En la grabación difundida por un canal de televisión, el “pastor” Soto utilizó de alfombra un símbolo de la comunidad LGBTI, al que llamó “trapo de inmundicia”. Con este acto, instaló una pregunta pertinente para los debates actuales en políticas sociales, relacionada con las posiciones de subalternidad posibles e inaceptables en la sociedad que queremos construir.
Ese “trapo” en el suelo, creado en San Francisco en una época en que la simbología imperante para los colectivos gays era la instaurada por el nazismo (el triángulo rosa), refleja la celebración de la diferencia. Esto, en oposición a la victimización y violencias dirigidas contra personas con afectos y prácticas homosexuales.
El Sr. Soto actualiza un discurso de subalternidad a través del privilegio de una identidad normativa, la heterosexual, amparada en la biblia y la protección de la sociedad que considera legítima.
¿Qué diferencia este acto de las agresiones homo/transfóbicas que existen en nuestra sociedad? El alto índice de suicidios en la población LGTBI a nivel internacional y nacional, se conjuga con las alarmantes tasas de agresiones, desapariciones y asesinatos que se amparan, precisamente, en estos discursos de odio y devaluación.
Esto es lo que actualiza el pisotear, por parte de una “autoridad” religiosa, un símbolo que a muchas/os otorga un espacio de reconocimiento que la sociedad adeuda.

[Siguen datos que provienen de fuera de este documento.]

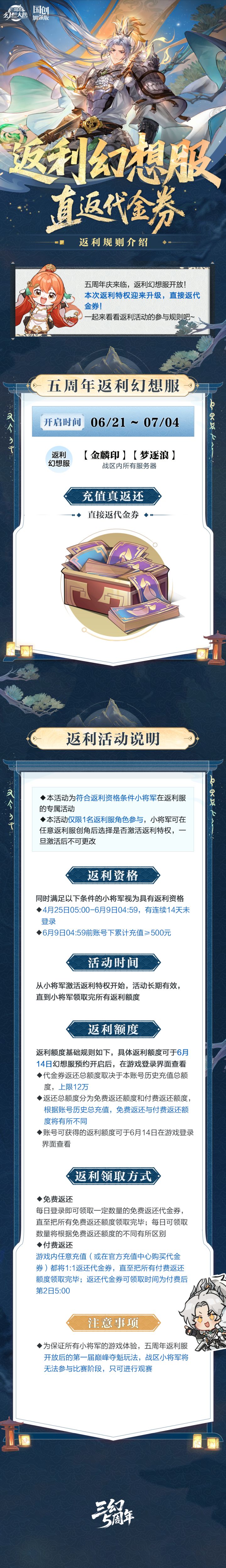 【重回群星闪耀时,恭迎姜天帝归位】6.21新魂将「皓麟姜维」携全明星幻想服上线 若天命无常,那便让我来修正这一切。 抹杀所有不忠大汉者,重铸汉室,解救苍生。 维此身,只为守护而战! ——五周年庆典开启,6.21全新魂将【皓麟姜维】携「全明星幻想服」上线,恭迎姜天帝归位!—— ※【皓麟姜维】混伤爆发型大C,攻击三段式升级,巨幅增伤,越打越强,主宰全场输出!参与活动即送。 ※【全明星幻想服】五周年幻想

Es un acto de violencia simbólica con consecuencias materiales, y aunque la homosexualidad pueda no satisfacer los cánones de la buena vida o vida legítima que diferentes instituciones reconozcan, el Estado tiene el deber de proteger todas sus formas de vidas posibles y reconocer sus derechos ciudadanos en un marco de respeto e igualdad, condición fundamental para una sociedad democrática.